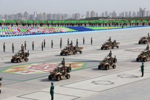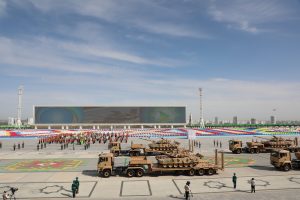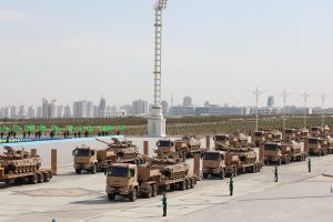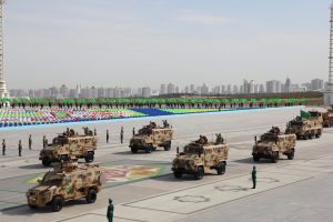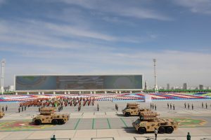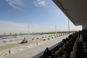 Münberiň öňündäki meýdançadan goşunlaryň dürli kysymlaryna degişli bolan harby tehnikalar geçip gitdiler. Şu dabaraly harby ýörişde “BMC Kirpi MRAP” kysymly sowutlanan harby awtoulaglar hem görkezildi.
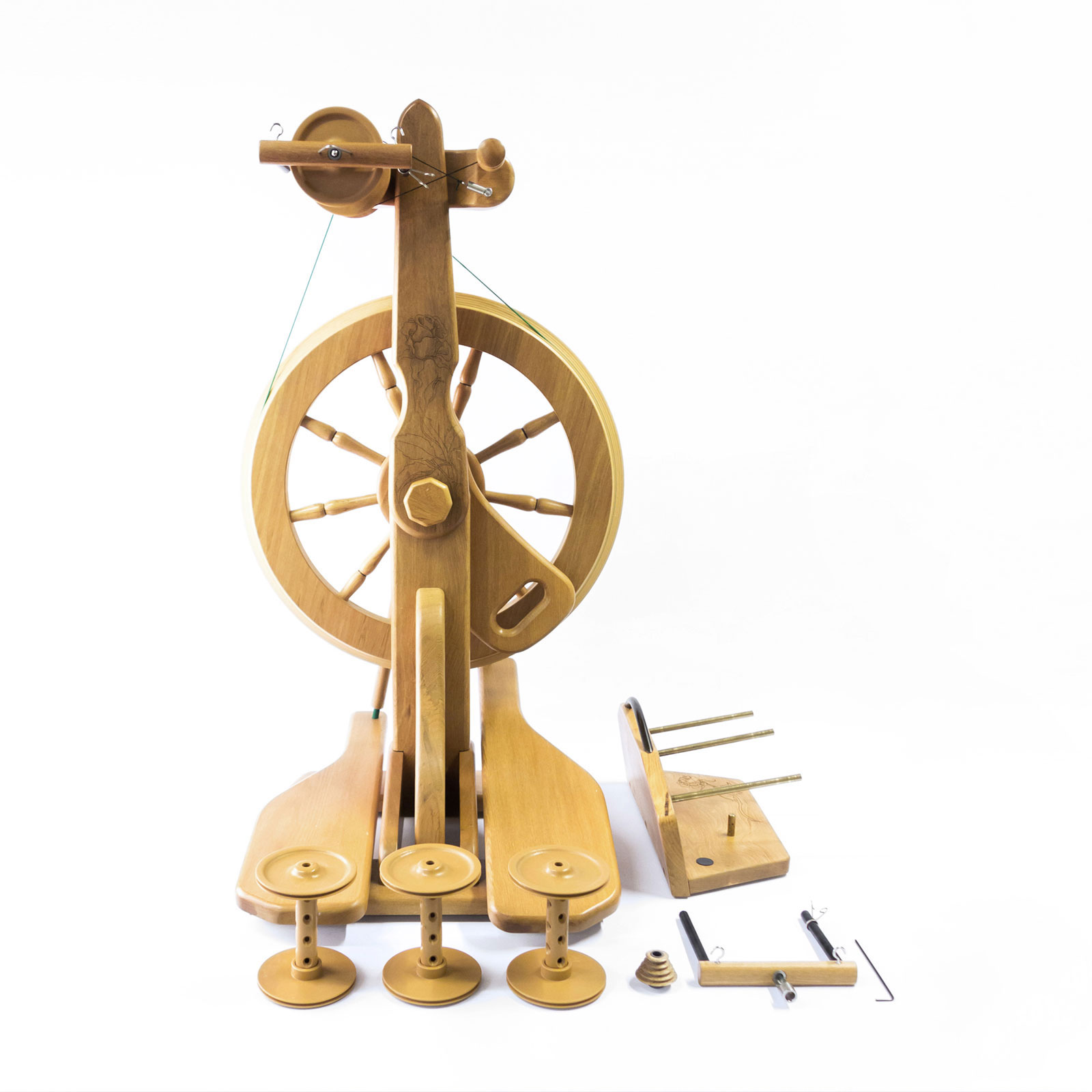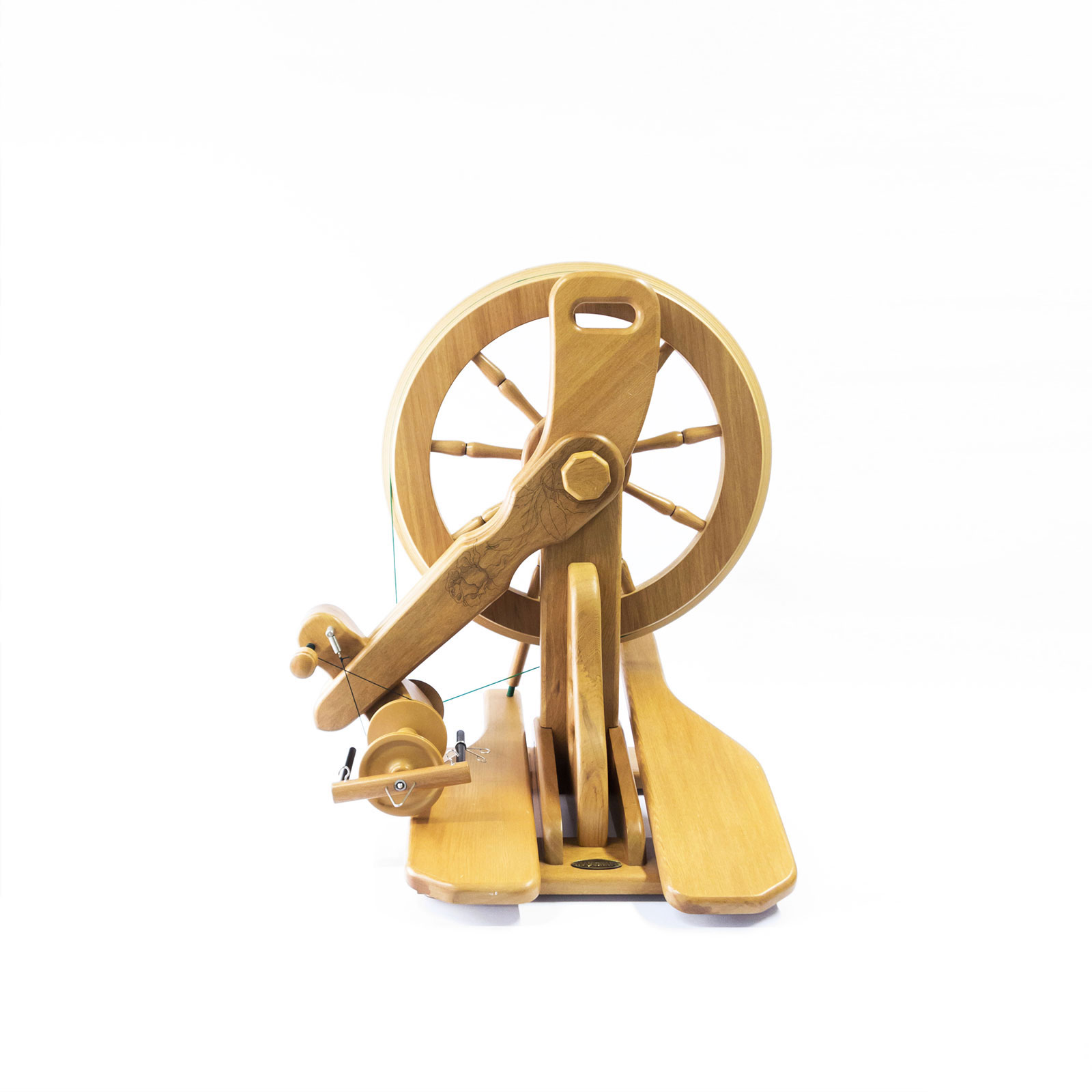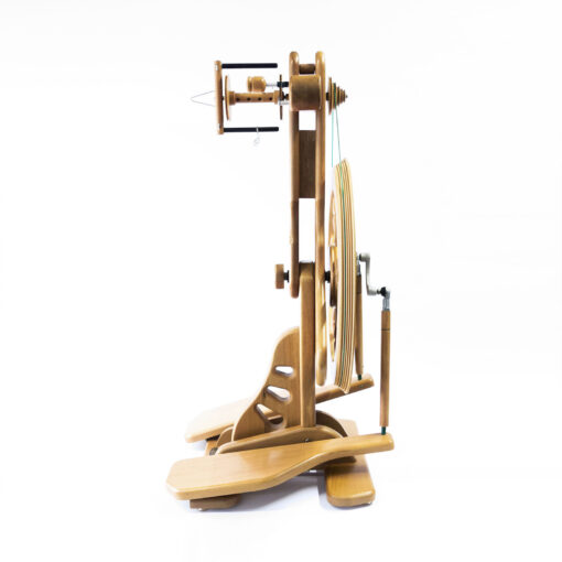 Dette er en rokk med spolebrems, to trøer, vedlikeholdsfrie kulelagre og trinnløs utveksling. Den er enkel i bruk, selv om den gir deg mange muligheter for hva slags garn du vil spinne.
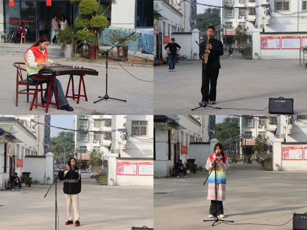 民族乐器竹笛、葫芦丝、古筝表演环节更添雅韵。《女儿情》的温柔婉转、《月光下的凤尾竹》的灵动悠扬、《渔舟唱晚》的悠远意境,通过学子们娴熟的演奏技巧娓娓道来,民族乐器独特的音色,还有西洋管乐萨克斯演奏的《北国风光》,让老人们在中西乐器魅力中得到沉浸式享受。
——————
- AIM OF THE EXERCISE -
Would you transcribe all of the data exactly, apart from its pictures?

- WRITTEN RESPONSE -
 Münberiň öňündäki meýdançadan goşunlaryň dürli kysymlaryna degişli bolan harby tehnikalar geçip gitdiler. Şu dabaraly harby ýörişde “BMC Kirpi MRAP” kysymly sowutlanan harby awtoulaglar hem görkezildi.
 Dette er en rokk med spolebrems, to trøer, vedlikeholdsfrie kulelagre og trinnløs utveksling. Den er enkel i bruk, selv om den gir deg mange muligheter for hva slags garn du vil spinne.
 民族乐器竹笛、葫芦丝、古筝表演环节更添雅韵。《女儿情》的温柔婉转、《月光下的凤尾竹》的灵动悠扬、《渔舟唱晚》的悠远意境,通过学子们娴熟的演奏技巧娓娓道来,民族乐器独特的音色,还有西洋管乐萨克斯演奏的《北国风光》,让老人们在中西乐器魅力中得到沉浸式享受。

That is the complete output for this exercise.